= EXERCISE PROMPT =
Nothing but the lines from the top of the data to the line holding "3. 展覽數(shù)量在趨" should be printed, word for word and both ends included; leave the pictures out.

RECORDS TO USE: Begin

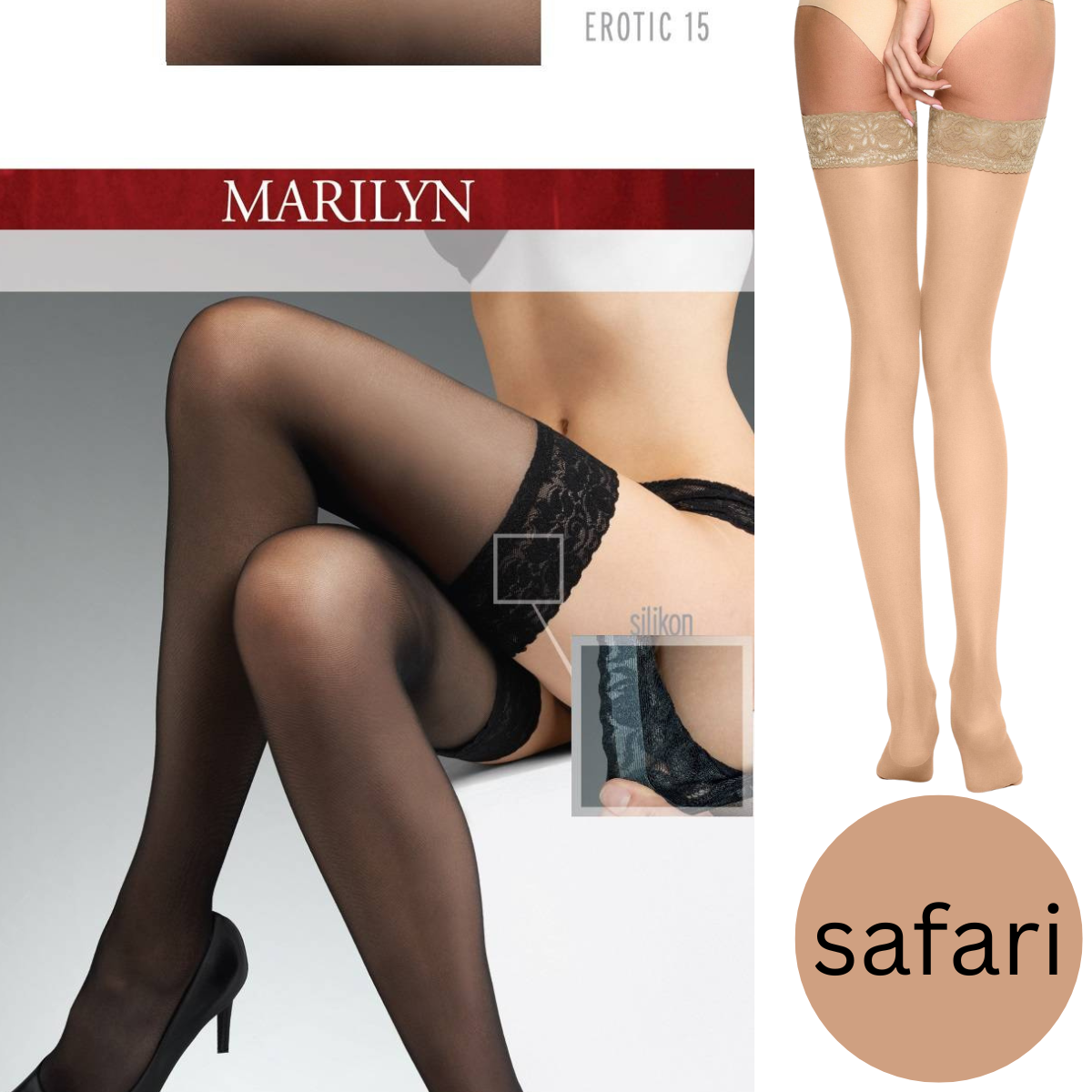 Pończochy EROTIC z Lycry 15 DEN półmatowe. Elastyczne i trwałe. Wykończone elegancką koronką z silikonem zapobiegającym zsuwaniu. Niezbędne w Twojej szafie niezależnie od zmieniających się trendów.
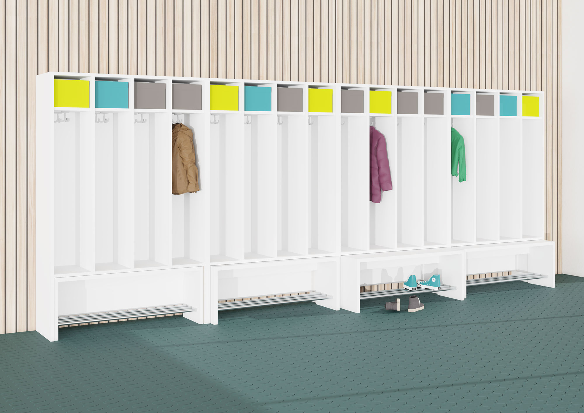 Kinderlachen, freudiges Begrüßen, entspanntes Ankommen in schöner Atmosphäre, dies gelingt mit unserem neuen Garderobensystem hej.
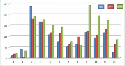 3. 展覽數(shù)量在趨于平均,比如春季的3個月和秋季的3個月,而比較一下三年前的展會(見下一張圖),近兩年來,這個現(xiàn)象是不明顯的,而以前,3月和9月有明顯的數(shù)量優(yōu)勢。
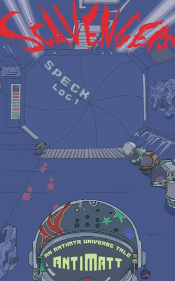 What's to be done when even the vast reaches of the galaxy become a trash dump for MegaCorps that don't want to waste a single chip dealing with their broken toys? At SxS, we do the only thing that makes sense: harvest that sh*t for everything it's worth. The Speck and its crew arrive at their next jobsite–a ridiculously huge abandoned freightliner–with their typical dreams of untold spoils and credit chips for eyes, but, this time, there's something seriously strange going on in space. Scavengers is part of the Antimtr entertainment universe and is an experiment in light, episodic literature for the modern humie's short attention span. Think of it like a TV series, only without the picture… or the sound. Season 1, Speck, will be released monthly in 3 60ish page episodes (Logs). The next log will release 08/08. If you finish before then, search Antimtr to see more of our super stellar stuff! It began with a ping.
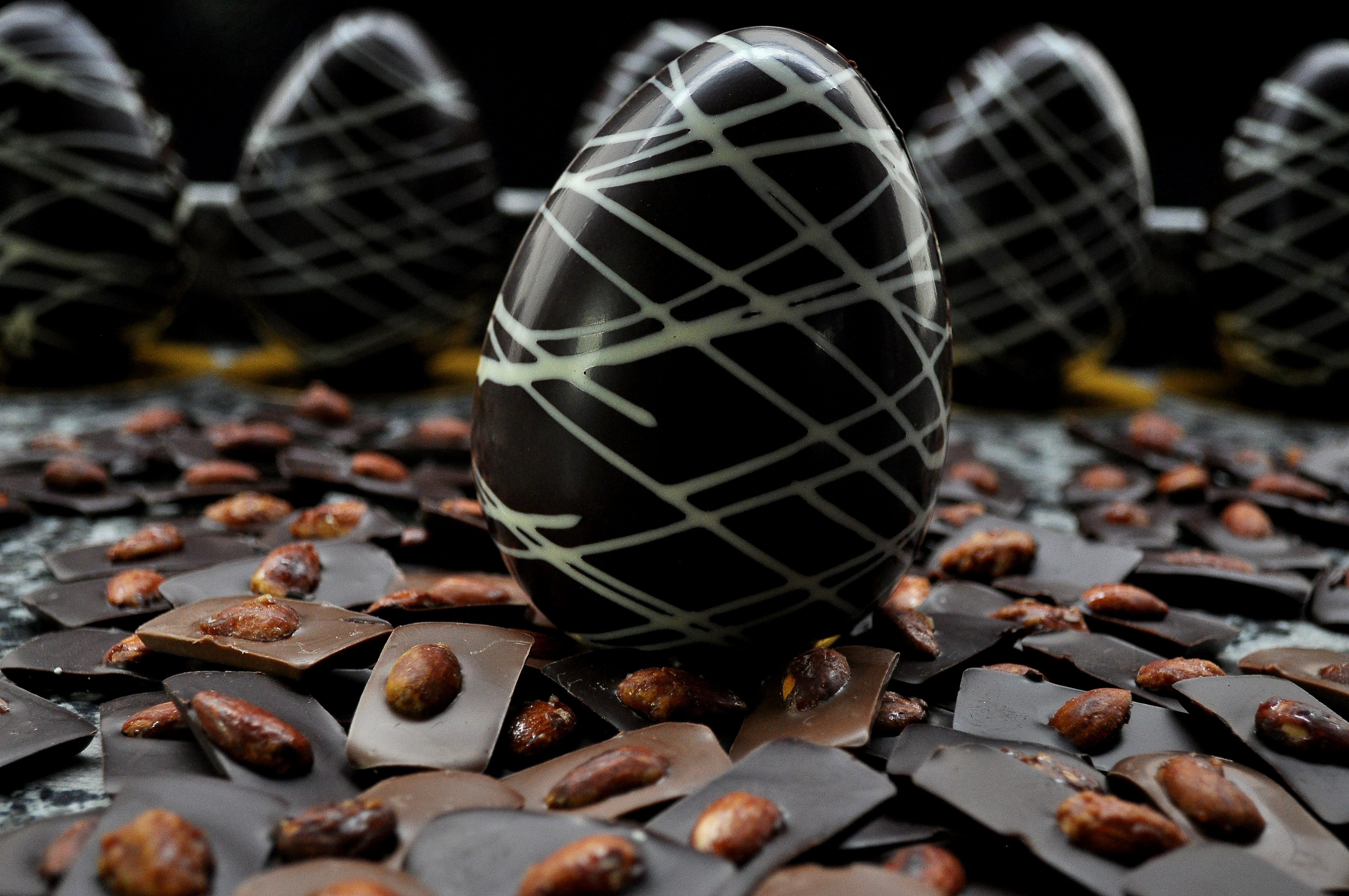 Huevo del Dragon (amargo, leche, blanco) – 350grs – $480 – 6 chocolate almendrados ( surtido blanco, amargo, leche) o 6 pralinette (surtido amargo, leche)
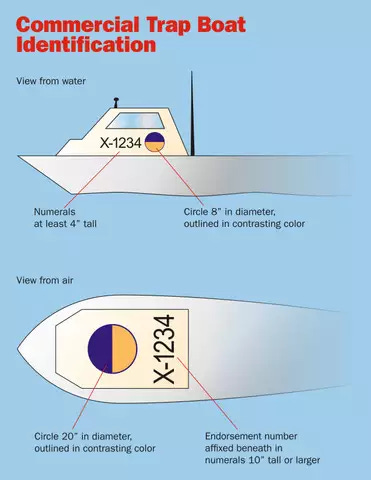 Wood’s Bones gets into both methods as well as the identification of the traps and vessels. Each commercial operation has a designated color and pattern for their buoys. These are required to be submitted to the state and displayed in an 8” circle on the boats wheelhouse and a 20” circle on the roof. Also displayed are the saltwater products license, vessel registration, and endorsement number.

RECORDS TO USE: End

= REPLY TO THE TASK =
 Pończochy EROTIC z Lycry 15 DEN półmatowe. Elastyczne i trwałe. Wykończone elegancką koronką z silikonem zapobiegającym zsuwaniu. Niezbędne w Twojej szafie niezależnie od zmieniających się trendów.
 Kinderlachen, freudiges Begrüßen, entspanntes Ankommen in schöner Atmosphäre, dies gelingt mit unserem neuen Garderobensystem hej.
 3. 展覽數(shù)量在趨于平均,比如春季的3個月和秋季的3個月,而比較一下三年前的展會(見下一張圖),近兩年來,這個現(xiàn)象是不明顯的,而以前,3月和9月有明顯的數(shù)量優(yōu)勢。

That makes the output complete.